Hello,
to install a gas or oil heating system in a new building for a technical(!) reason?
not directly technical but there are reasons: (non-)availability of heat pumps and price. Many general contractors have in the past charged absurd markups on heat pumps, but even if they simply pass on the additional costs fairly, that quickly amounts to 5-8 k€. With currently still fairly similar prices for heat generation (10-12 cents for gas and 30-35 cents for electricity with a coefficient of performance of about 3-3.5), you won’t make back the extra cost in your lifetime.
In addition, many people have, not without reason, "fear" or at least concerns about heat pumps. The news and also this forum are full of reports about problems with heat pumps, incorrect sizing, crazy electricity consumption due to wrong sizing, or premature failure of some expensive heat pump components. And considering that there are still many more gas heating systems in operation than heat pumps and you hardly hear about problems there, I can’t blame people for these concerns. They are completely justified.
Currently, as a heat pump owner, you are still forced to thoroughly educate yourself on the subject and bring yourself to a level of knowledge that actually the installer should have, and then afterwards correct his botched work as best as possible and get the system running properly. Very many heat pump installations are botched makeshift solutions by overwhelmed installers. And for that, you’re supposed to pay significantly more than for a gas heating system?
Yes, I can definitely understand that people don’t want that and simply can’t do it.
There are also problems like the fact that people just don’t want a noisy air-to-water heat pump in their garden. If you really enforced noise protection regulations strictly, you could shut down at least every second air-to-water heat pump immediately. And boreholes for brine-water heat pumps are blocked by some water protection authorities or monument preservers. Crazy!
The heat pump is the future and it is urgently necessary to strive to spread them further. The economic viability analysis will also increasingly shift in favor of the heat pump in the future.
But when you look at the trade "heating + installation + commissioning + CORRECT adjustment," heat pumps are often still very, very far from what people are used to with gas heating and expect for their money.

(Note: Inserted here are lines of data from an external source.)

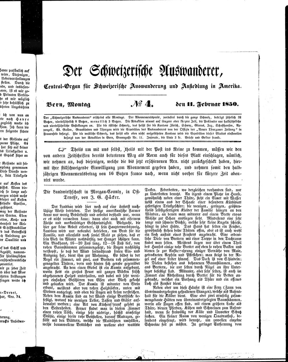 Der Schweizerische Auswanderer. 1850-1850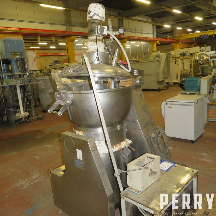 Used BIBUN Cutter Mixer-Series No. 97CP130-24-Stainless steel tank Ø 720 X 380 mm-Capacity 95 litre-Total volume 130 litre-Steel Tool-Hydraulic tilting vessel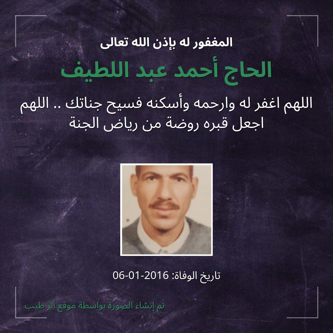 بمشاركتك هذه الصفحة، تساهم في نشر الخير والدعاء للمرحوم الحاج أحمد عبد اللطيف.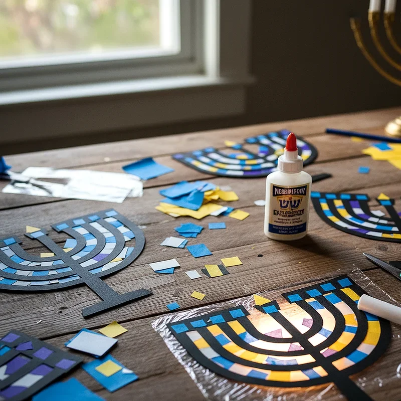 Design luminous menorah artwork that glows when placed against windows using black construction paper and colorful tissue paper. Cut a menorah silhouette from black paper, creating the outline of candles and flames with careful precision. Back with clear contact paper and fill spaces with overlapping tissue paper pieces in blues, purples, and yellows for stunning effects. This project teaches color mixing as children discover how layering different tissue papers creates new shades and depths. Hang finished pieces where sunlight transforms them into glowing celebrations of light that change throughout the day. Families can make one for each night, adding a new "lit" candle daily to mirror the actual menorah lighting. These lightweight decorations travel easily to grandparents' homes or classroom celebrations, spreading Hanukkah joy wherever they're displayed.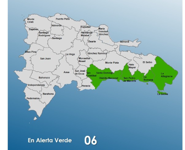 Las provincias bajo alerta verde son San Cristóbal, Santo Domingo, San Pedro de Macorís, La Romana, La Altagracia, además del Distrito Nacional para un total de seis demarcaciones.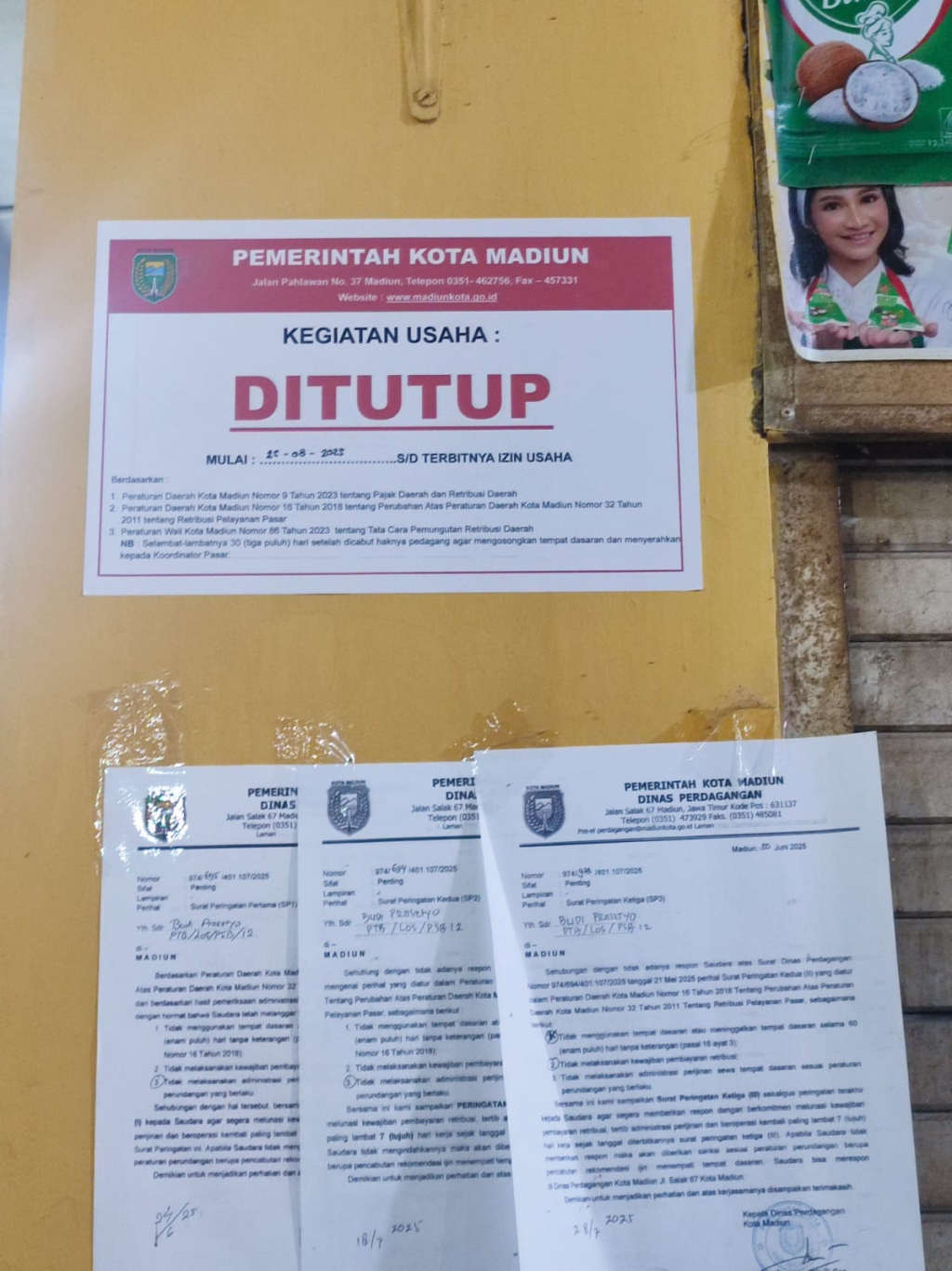 SP tersebut diberikan kepada pedagang yang dianggap melanggar ketentuan dalam Peraturan Daerah (Perda) Kota Madiun Nomor 16 Tahun 2018 tentang Retribusi Pelayanan Pasar.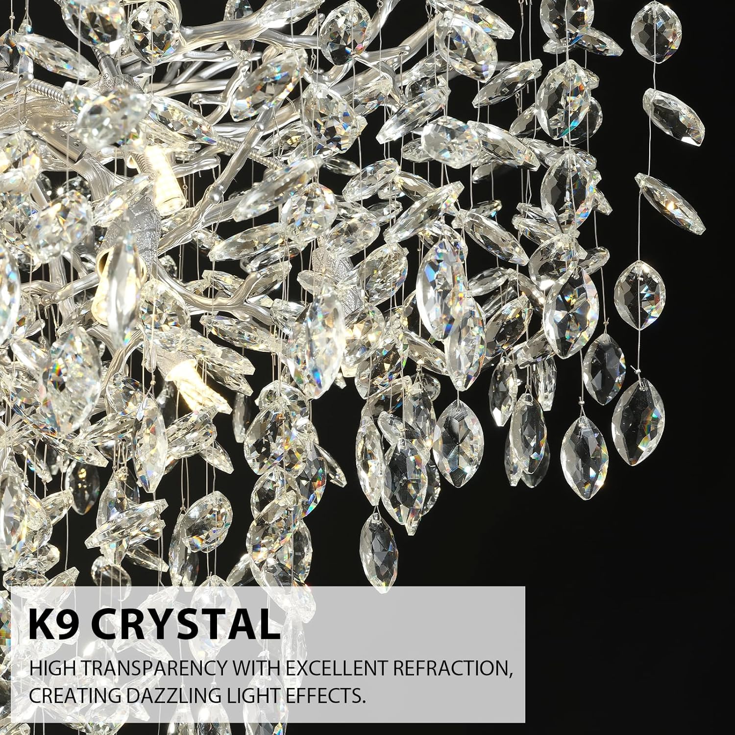 - Special Design: This high ceiling silver crystal chandeliers draws inspiration from nature, with its overall shape resembling lush tree branches. The unique design and luxurious TOP K9 crystal material of this staircase chandeliers make it a beautiful focal point in home decor.
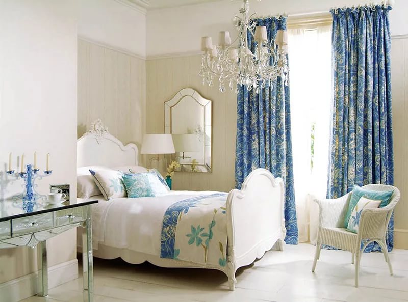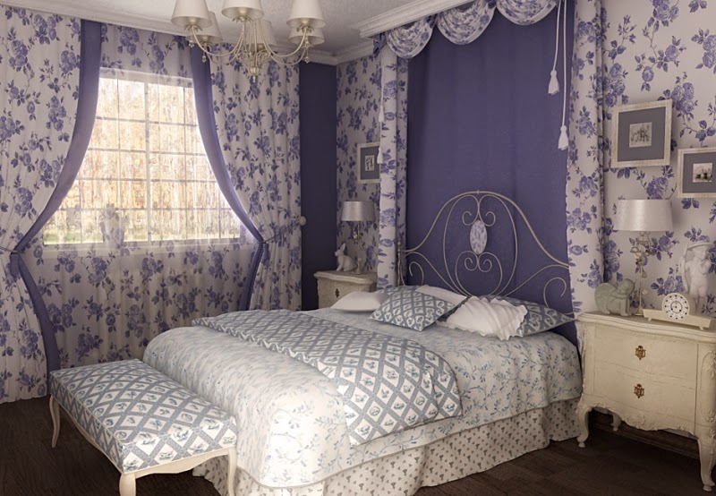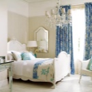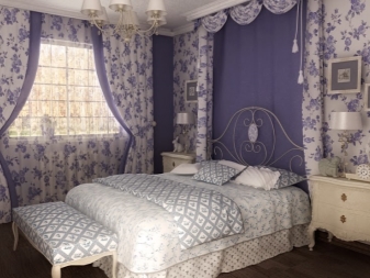 Eines der beliebtesten Reiseziele ist Provence. Das Schlafzimmer in diesem Design sieht äußerst sanft und komfortabel aus. Zur Dekoration von Fenstern werden Doppelvorhänge verwendet. Für diesen Stil sind ausgewählte Produkte mit einer dichten Textur, in einer dunklen Farbe gemacht. Blumendrucke und -muster sind zu bevorzugen.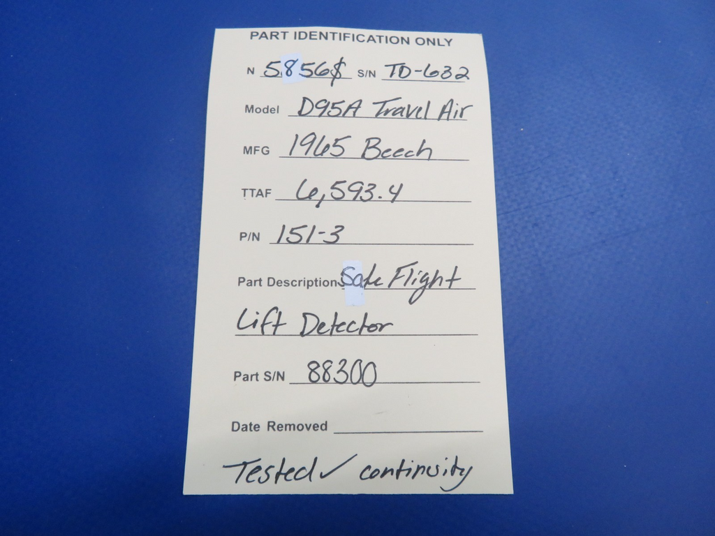 Safe Flight Lift Detector. P/N 151-3. S/N 88300. This item was recently tested for continuity and found to be in working condition. Removed in good condition from a parted out 1965 Beech D95A Travel Air N5856S, S/N TD-632 TTAF 6,593.4. Guaranteed to pass inspection or your money back.

And since among all heating specialists the absolute gold rush has obviously broken out now, I have very little hope that this will change. It will probably get worse because customers are now forced to choose heat pumps.
Therefore, even though I myself would clearly install a heat pump today (we built with gas heating in 2016), I can certainly understand if someone now just wants to quickly get a gas heating system. Whether that is a smart idea is another matter.